In our study, the majority of the patients presented with at least one comorbidity without noteworthy sex differences. However, the Charlson Comorbidity Index was slightly but significantly higher in females than males. We also observed sex differences in clinical characteristics, comorbidities, treatments and outcomes, and differences in risk predictors of death and IMV in men and women.
Differences between men and women were evidenced in hospitalised patients, mostly from US metropolitans. A case series of patients hospitalised with COVID-19 in the New York City Area (40% women) showed that the most frequently described comorbidities were hypertension, obesity and diabetes [10]. 88% had more than one comorbidity but the median Charlson Comorbidity was much higher than in our cohort, reaching 4. Fourteen percent were in need of intensive care, 12% received IMV and 21% died. Mortality rates were higher for men than women at all decades older than 20 years.

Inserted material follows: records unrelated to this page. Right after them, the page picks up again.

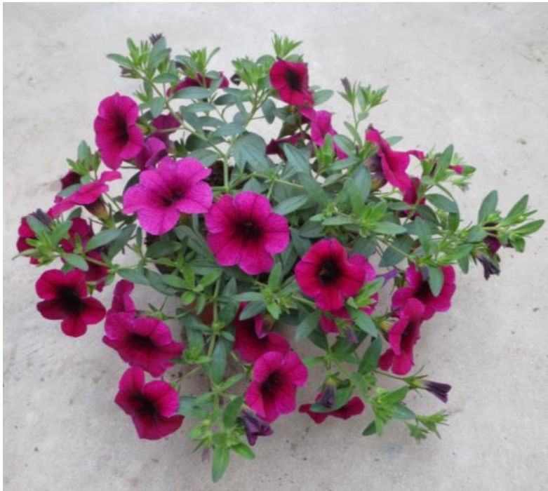
Aloha Kona Neon
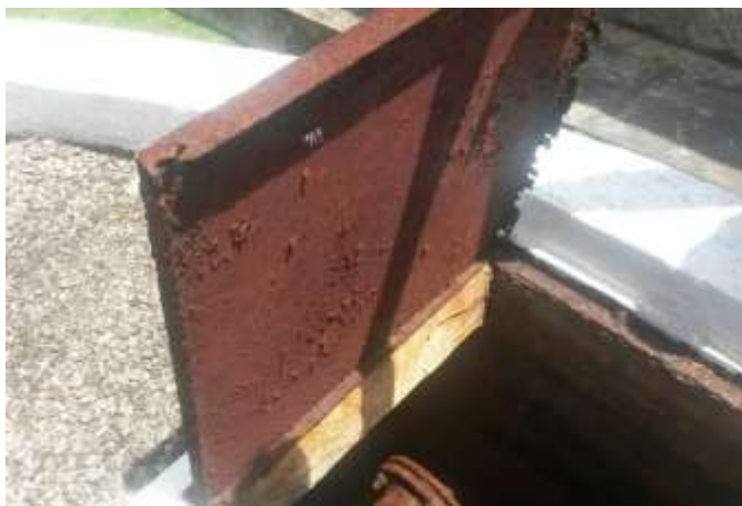
Figura 27 – Reservatório ETA Governador Lacerda de Aguiar.
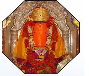
सातवा गणपती - ओझरचा श्री विघ्नेश्वर
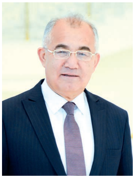
Акмад Саидов. Академик.
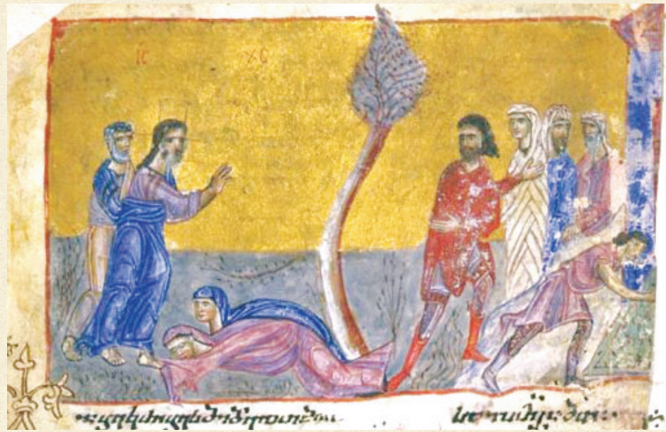
ჯრუჭის ოთხთავი. XII-XIII სს. | Jruchi Gospels. 12-13 th c. H-1667, 230v
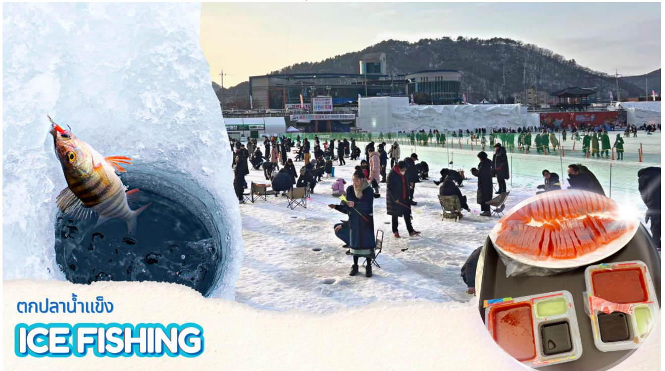
ตกปลาน้ำแข็ง ICE FISHING

(**รวมอุปกรณ์ตกปลาแบบเบสิค**) วิธีการตกปลา คือ หย่อนเหยื่อปลอม (ที่ทางเทศกาลเตรียมไว้ให้) ลงไปในรู จากนั้นก็กระตุกไม้เบ็ดตกปลาเบาๆ ให้เหมือนเหยื่อกำลังลอยไปลอยมาในน้ำ และปลาก็จะเข้ามากินเหยื่อ ง่ายๆ เพียงแค่นี้ก็ทำให้ท่านตกปลาได้อย่างสนุกสนาน )
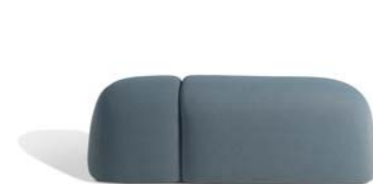
▲ HIPPO (pages 12, 13)
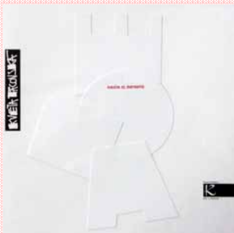
HASTA EL INFINITO K. Pacovská / 128 p. / 40€ Letras y números de papel, elevados a la categoría de Arte.
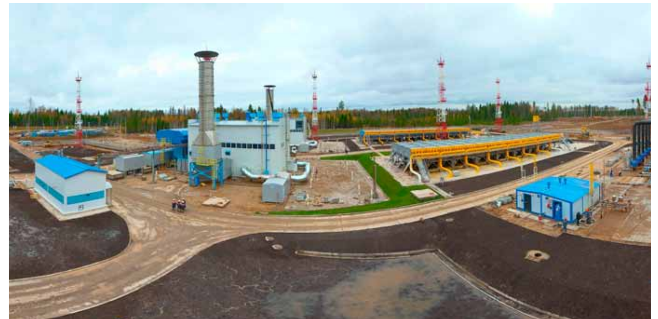
Строительство 2-й очереди КС «Грязовецкая»

В настоящее время компания ОАО «Краснодаргазстрой» обеспечивает реализацию сразу нескольких масштабных проектов нефтегазовой промышленности Российской Федерации:
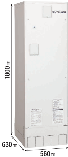
※脚部カバーは別売品です。
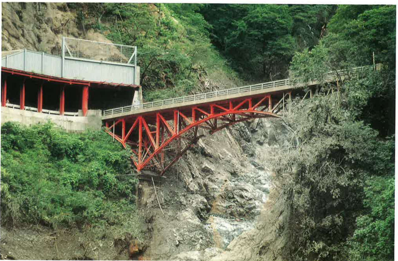
土石流で橋の部材が破断
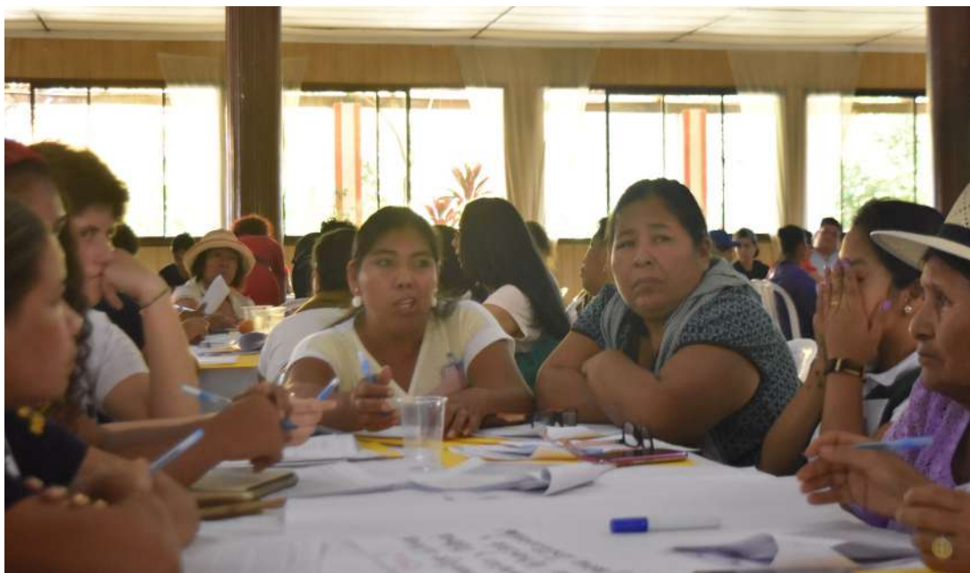
Mesas de diálogo en el encuentro departamental para la Agenda Política de las Mujeres.
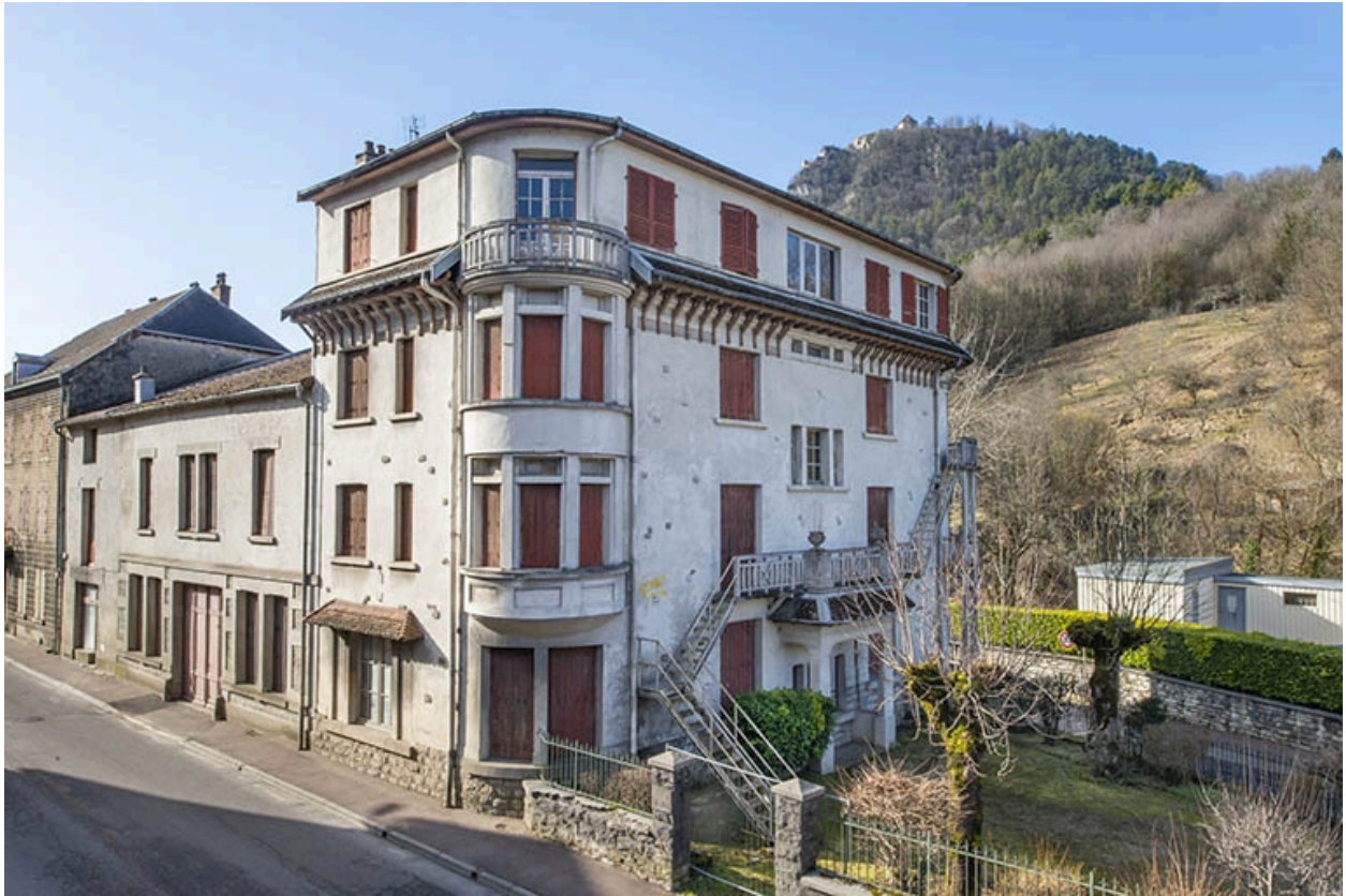
Vue depuis le nord-est.

A series of patients in Metropolitan Detroit showed that—in contrast to other reports—56% of treated patients were female, the majority being African Americans, which may be ascribed to the high poverty rate and thus susceptibility of this subgroup. In line with our study, most patients had at least one comorbidity, including hypertension, chronic kidney disease (CKD) and diabetes. 76% were hospitalised and 40% required ICU management during their stay [11]. Similar to our data, males comprised 57% of the ICU cohort. Male sex, obesity and CKD, each doubled the risk of ICU treatment. The mortality rate of ICU-managed patients was 40%, which corresponds to our data. Male sex and age older than 60 years were independently related to mortality and IMV. Obesity, CKD and cancer also related to more than doubled the risk of IMV. However, as a limitation, we acknowledge that our data contained no information from which a potential minority status could have been inferred, meaning that it remains to be seen how, e.g., ethnicity influenced our results.

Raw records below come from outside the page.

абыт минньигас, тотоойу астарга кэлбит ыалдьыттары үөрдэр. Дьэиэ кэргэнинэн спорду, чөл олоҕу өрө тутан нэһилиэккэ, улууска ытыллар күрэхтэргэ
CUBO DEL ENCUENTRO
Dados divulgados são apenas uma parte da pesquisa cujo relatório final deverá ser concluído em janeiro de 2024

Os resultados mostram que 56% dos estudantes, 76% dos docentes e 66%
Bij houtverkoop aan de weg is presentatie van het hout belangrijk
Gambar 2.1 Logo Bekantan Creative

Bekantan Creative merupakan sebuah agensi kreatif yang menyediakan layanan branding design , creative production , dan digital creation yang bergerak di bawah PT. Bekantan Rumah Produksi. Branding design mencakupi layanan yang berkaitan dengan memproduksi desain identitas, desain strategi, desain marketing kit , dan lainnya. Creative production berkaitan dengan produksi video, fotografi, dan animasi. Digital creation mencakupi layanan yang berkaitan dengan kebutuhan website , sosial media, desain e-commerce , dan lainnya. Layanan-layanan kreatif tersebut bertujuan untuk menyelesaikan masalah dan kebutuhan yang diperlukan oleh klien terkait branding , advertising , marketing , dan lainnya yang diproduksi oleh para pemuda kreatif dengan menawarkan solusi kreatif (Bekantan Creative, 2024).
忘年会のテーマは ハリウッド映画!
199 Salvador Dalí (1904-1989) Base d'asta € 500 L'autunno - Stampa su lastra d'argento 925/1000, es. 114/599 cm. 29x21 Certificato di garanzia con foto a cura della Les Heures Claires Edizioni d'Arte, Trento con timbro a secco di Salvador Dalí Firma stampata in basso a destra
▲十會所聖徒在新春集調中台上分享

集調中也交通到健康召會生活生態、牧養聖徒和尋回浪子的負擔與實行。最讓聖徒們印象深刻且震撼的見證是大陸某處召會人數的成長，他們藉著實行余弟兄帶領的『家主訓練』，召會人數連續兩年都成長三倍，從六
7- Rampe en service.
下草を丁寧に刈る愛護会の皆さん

Another sex-specific analysis of hospitalized COVID-19 patients in New Orleans (61% women) revealed that rates of ICU, IMV and in-hospital mortality were comparable between sexes, which is in line with our results but in stark contrast to most other reports [12].
The authors also highlighted sex disparities in clinical determinants of severe outcomes. Interestingly, obesity, diabetes and hypertension were more prevalent in women and diabetes, CKD, and an increased neutrophile-to-lymphocyte ratio and ferritin levels independently predicted death in women only. Interesting results could also be observed in an observational retrospective cohort study conducted in Germany (n = 23,235 patients) where it has been shown that once ventilated, the advantage of females in survival seems to disappear [13]. However, there are some important differences: in the German ICU cohort, 65% of the males but only 35% of the females needed ventilation therapy. In our cohort, there was no sex difference, with a similar number of women (36%) and men (38%) in need of mechanical ventilation. In our cohort, mechanical ventilation did not change the sex ratio of mortality risk. Moreover, we did not see the divergence of curves in men vs. women after the age of 60 years. As both studies are retrospective, observational studies both lack some important information limiting the possibility of direct comparisons. Therefore, differences in patients’ clinical characteristics or psychosocial factors appear to be responsible for the controversial findings.

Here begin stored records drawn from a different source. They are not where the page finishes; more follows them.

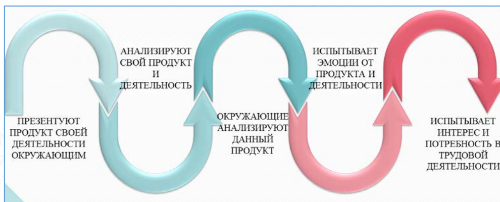
Рис. 5. Рефлексивный этап

3 этап «Рефлексивный». На рефлексивном этапе ребенок получает радость от работы и достигнутого результата, положительные эмоции. Проговаривает те качества, которые он приобрел, поработав в том или ином центре активности (мастерской). А самое главное – ребенок получает тот бесценный опыт, который он сможет применять и передавать в разных ситуациях (сделаю подарок, научу этому другого) (рис. 5).
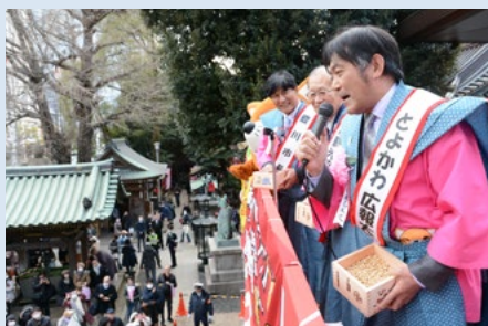
豊川稲荷東京別院節分祭
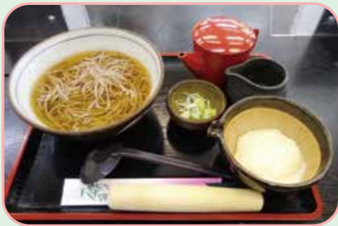
① 花山名物を楽しむ「道の駅路田里 はなやま」の自然薯そば
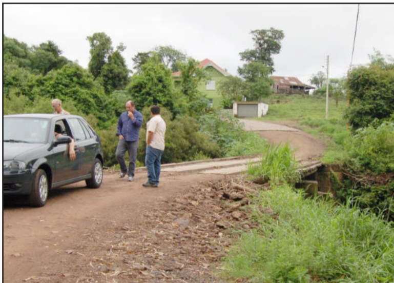
Ponte atual é coberta pela água do Arroio Boa Vista em caso de enchentes e suporta pouca carga
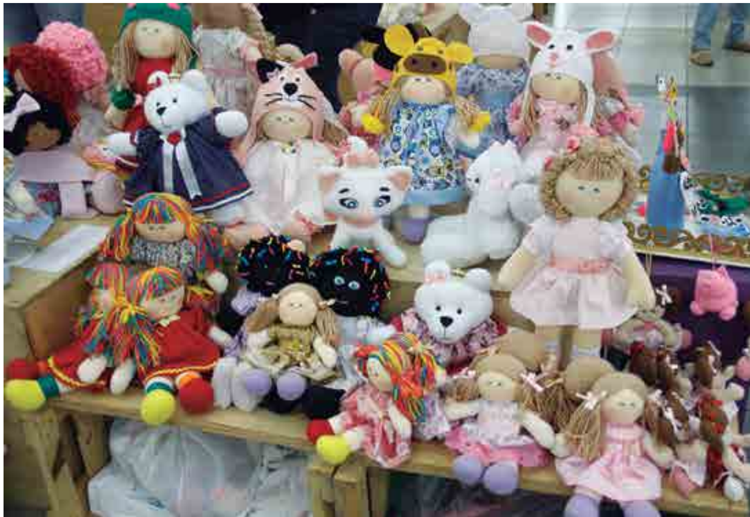
Feira oferece ao público infantil e infanto-juvenil um mundo mágico de piões, mamulengos, petecas e bonecos de pano que ainda fascina crianças e adultos

Ao todo, estão ligados diretamente à realização do evento 91 artesãos, oriundos das cidades de João Pessoa, Bayeux, Santa Rita, Remígio e Campina Grande, todos selecionados por edital público de chamamento. Além dos brinquedos, na Brincarte também estão sendo comercializados livros infantis, em parceria com o Sebo Cultural, e pinturas infantis confeccionadas pela artista plástica Sanantha Kama.
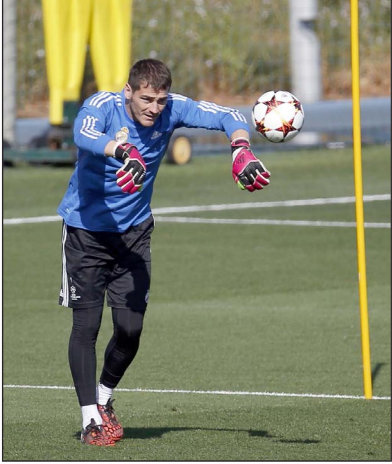
كاسياس يعيش فترة عصبية في مسيرته مع الريال

■ لندن - رويترز: أصبح ريو فيردناند مدافع مانشستر يونايتد السابق أول لاعب كبير ينتقد بشكل علني ديفيد مويز الذي تولى قيادة الفريق لعشرة أشهر خلال الموسم الماضي. وعين موز خلفاً لأليكس فيرغسون قبل انطلاق موسم الماضي لكن مدرب إيفرتون السابق خسر ثلاث مرات في أول ست مباريات واحتل في النهاية المركز السابع في أسوأ مركز له منذ 1990. واتهم فيردناند في سيرته الذاتية التي نشرها صحيفة «ذا صن» أنها «صنعت» حلقاته، مدربة السابق بأنه يملك «عقلية تناسب فريقاً أصغر» وأنه لم يتمكن من استيعاب التقاليد الهجومية للنادي. وكتب قائد يونايتد السابق: «تدخلات موز أسفرت في معظم الأحيان عن السلبية والارتباك... كان يحاول إعداد الفريق على ألا يخسر بينما على اللعب من أجل الفوز. نحن لسنا إيفرتون بل مانشستر يونايتد.»
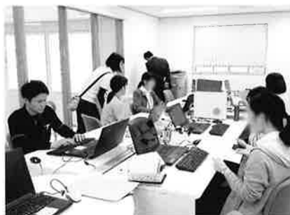
川崎医療福祉大学 医療福祉学科 2019年卒
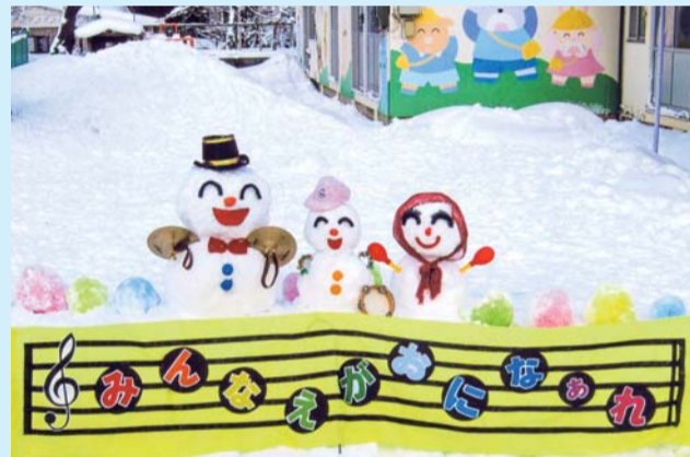
黒石商店街協同組合理事長賞 「みんなえがおになあれ」山形こども園
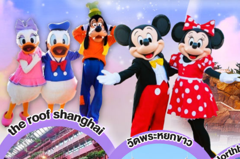
the roof shanghai
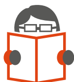
Обучающие программы для менеджмента компаний

The Italian SARS-RAS study reported data of 395 ICU patients, mostly men (74%), with a higher prevalence of comorbidities [14]. The main predictors of ICU admission were male sex, obesity, CKD, and hypertension in the total cohort. Sex-disaggregated analysis showed that these variables remained predictors among men, whereas in women, heart failure next to obesity is associated with higher ICU admission rates. Of note, despite the small Italian ICU sample size compared to our cohort, they also found a higher prevalence of heart failure in women than men. However, because heart failure predicted death only in male ICU patients in our cohort, it may be hypothesized that heart failure is a greater risk factor for ICU admission in infected females but for mortality in male ICU patients.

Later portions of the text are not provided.